> Exercise data:
[Start of section]
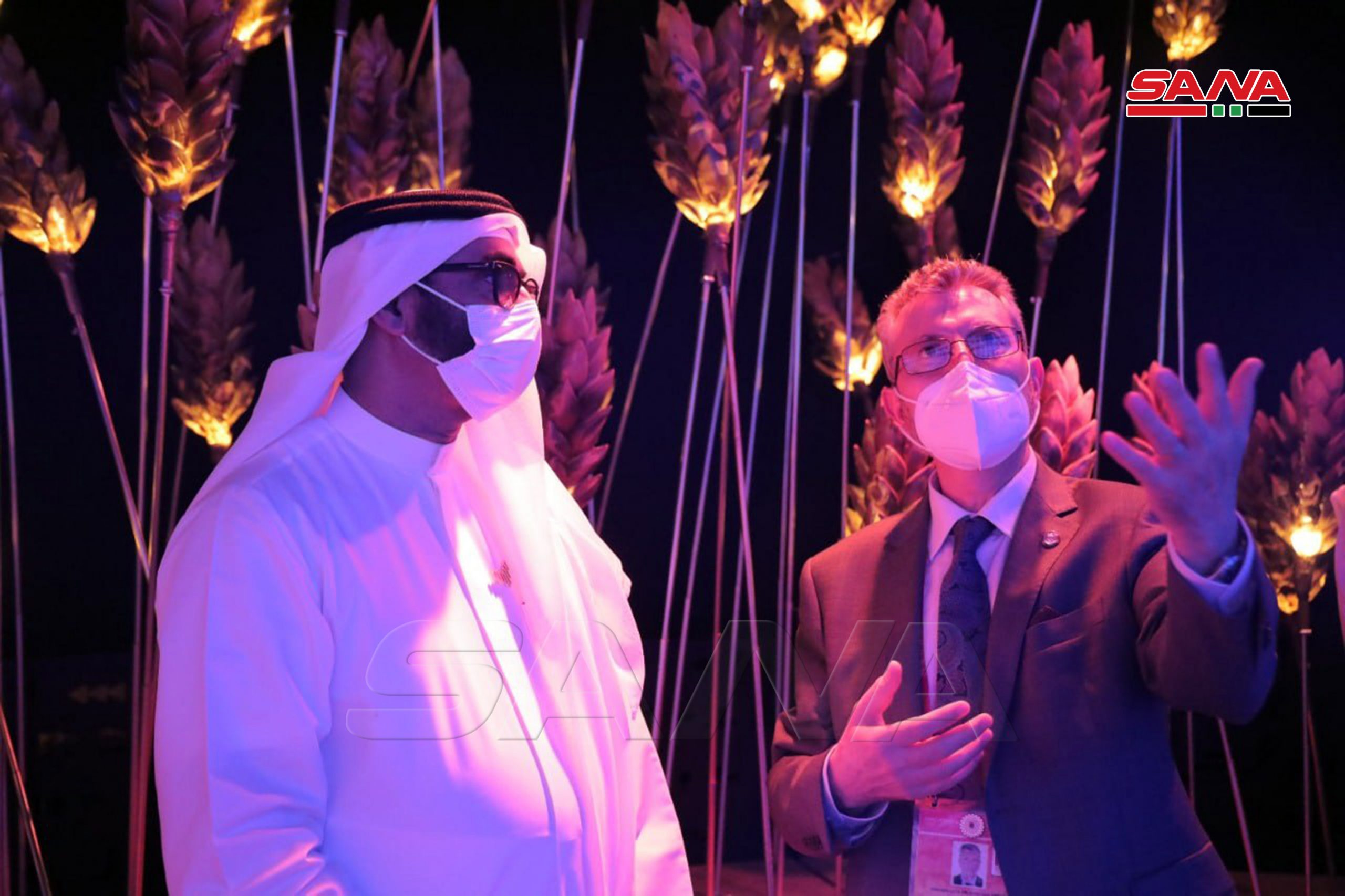Al final de la visita, el Embajador sirio y Comisionado General del pabellón, Ghassan Abbas, obsequió al Ministro emiratí con una copia del primer acuerdo de paz escrito en virtud del cual se puso fin a la guerra entre los hititas y los egipcios en suelo sirio, mientras que el ministro de los EAU entregó el escudo del ministerio a los funcionarios del pabellón de Siria.
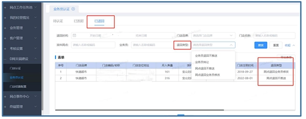 路径:D网末端建设-业务员认证-已退回-退回类型
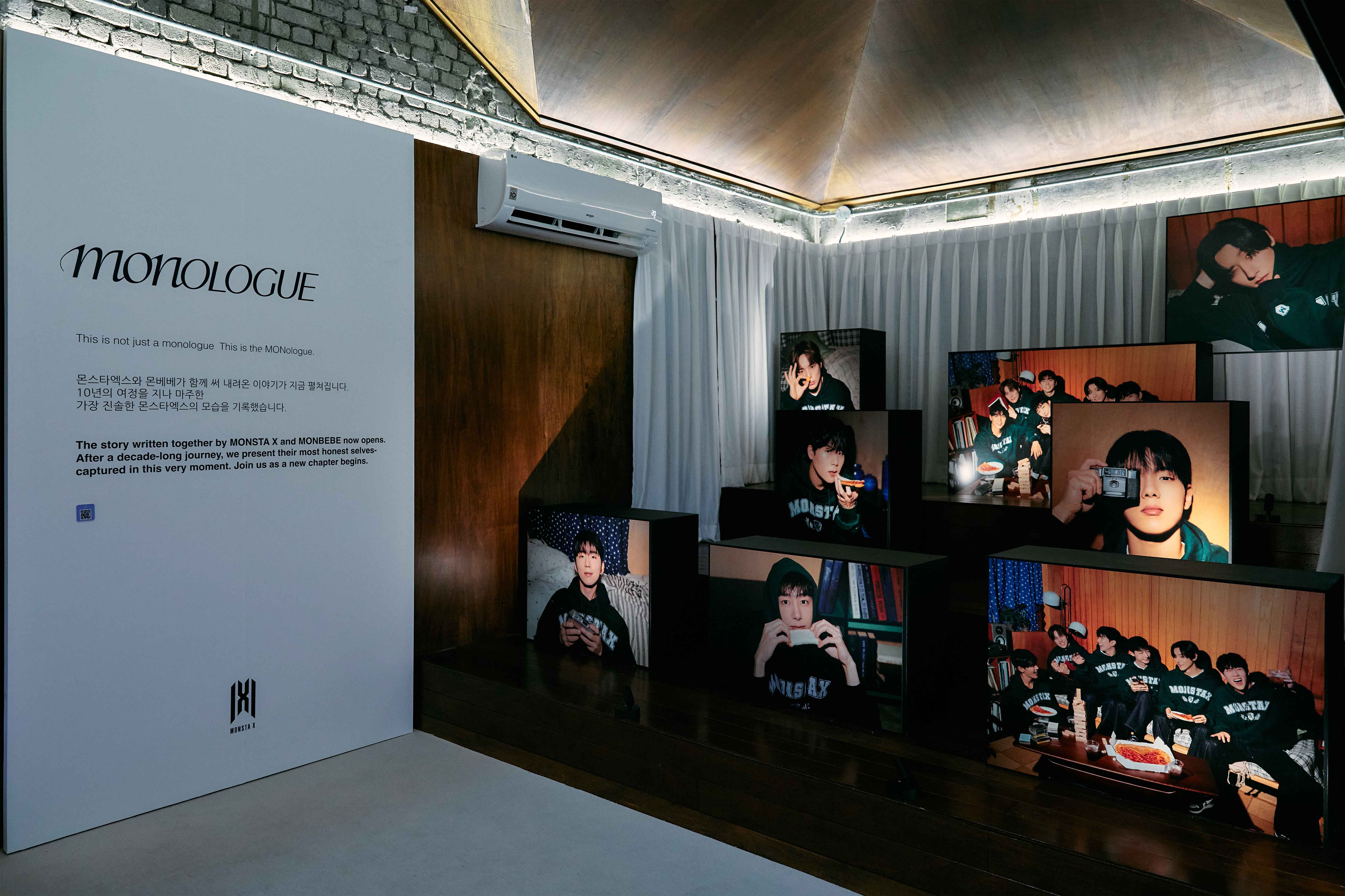 몬스타엑스와 팬들이 10년을 돌아보는 경험형 팝업으로, 주택형 스튜디오를 실제 집처럼 꾸며 몰입감을 높였습니다. 비밀의 방은 어두운 조도와 앤틱 소품, 손글씨 편지와 사진으로 추억을 공유하는 공간으로, 추억룸은 10년간의 앨범과 사진을 연대기처럼 전시, 소품룸은 멤버별 의상과 소품으로 개성을 살렸습니다. 전시룸은 새로운 사진을 볼 수 있는 공간으로 꾸몄습니다. 1층 거실은 굿즈와 LP 턴테이블을 전시하고, 2층 거실은 포토존과 10주년 기념 이벤트 공간으로 구성했습니다.
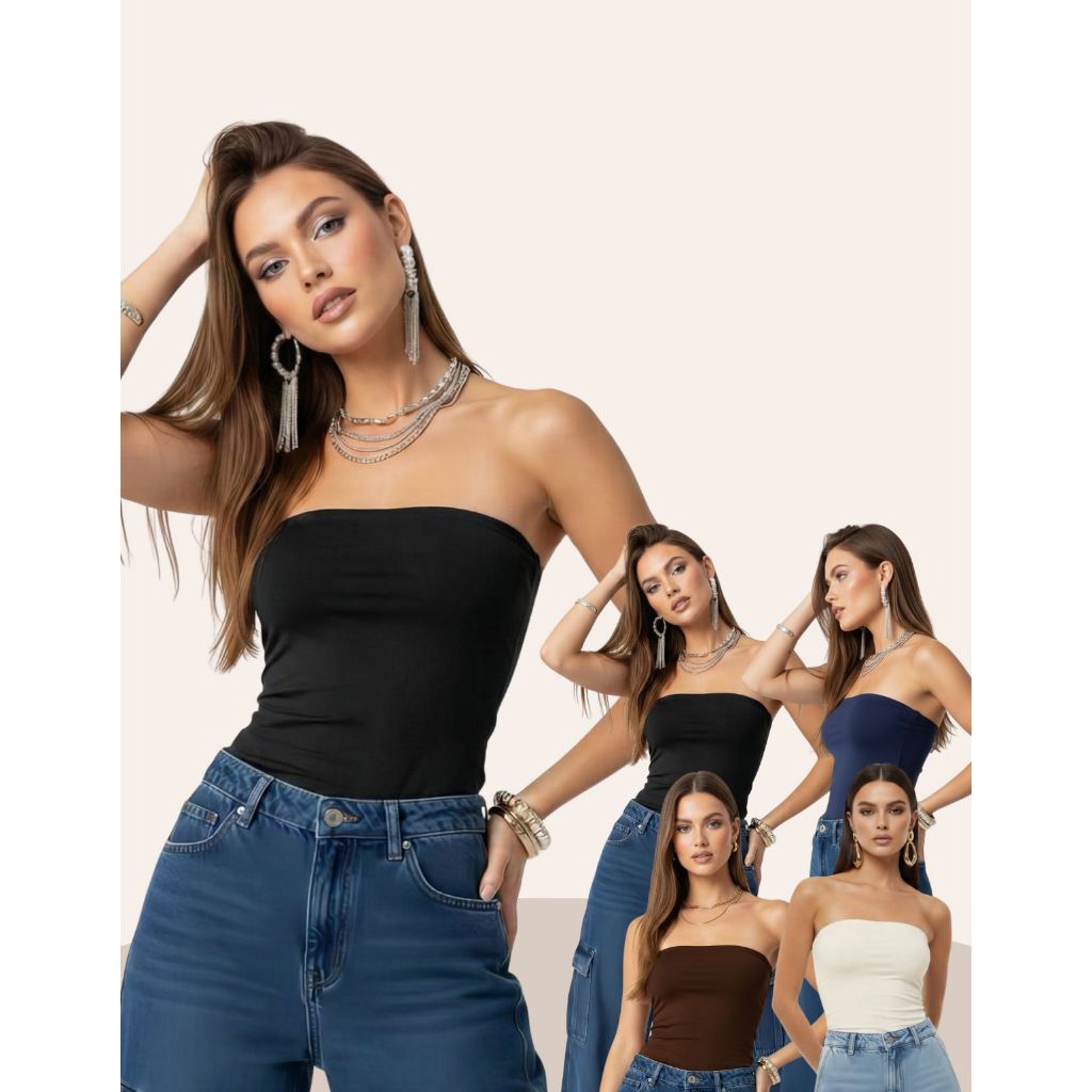 Cropped Top Tube Faixa Suplex Premium Tomara Que Caia Feminino De Moda Blogueira Tubinho Básica
[End of section]
> About this task: Nothing but the lines from the one holding "路径:D网末端建设-业务员认证-已退回-退回类型" through the last line of the listing should appear in the answer, copied exactly and without pictures.

> Answer section:
 路径:D网末端建设-业务员认证-已退回-退回类型
 몬스타엑스와 팬들이 10년을 돌아보는 경험형 팝업으로, 주택형 스튜디오를 실제 집처럼 꾸며 몰입감을 높였습니다. 비밀의 방은 어두운 조도와 앤틱 소품, 손글씨 편지와 사진으로 추억을 공유하는 공간으로, 추억룸은 10년간의 앨범과 사진을 연대기처럼 전시, 소품룸은 멤버별 의상과 소품으로 개성을 살렸습니다. 전시룸은 새로운 사진을 볼 수 있는 공간으로 꾸몄습니다. 1층 거실은 굿즈와 LP 턴테이블을 전시하고, 2층 거실은 포토존과 10주년 기념 이벤트 공간으로 구성했습니다.
 Cropped Top Tube Faixa Suplex Premium Tomara Que Caia Feminino De Moda Blogueira Tubinho Básica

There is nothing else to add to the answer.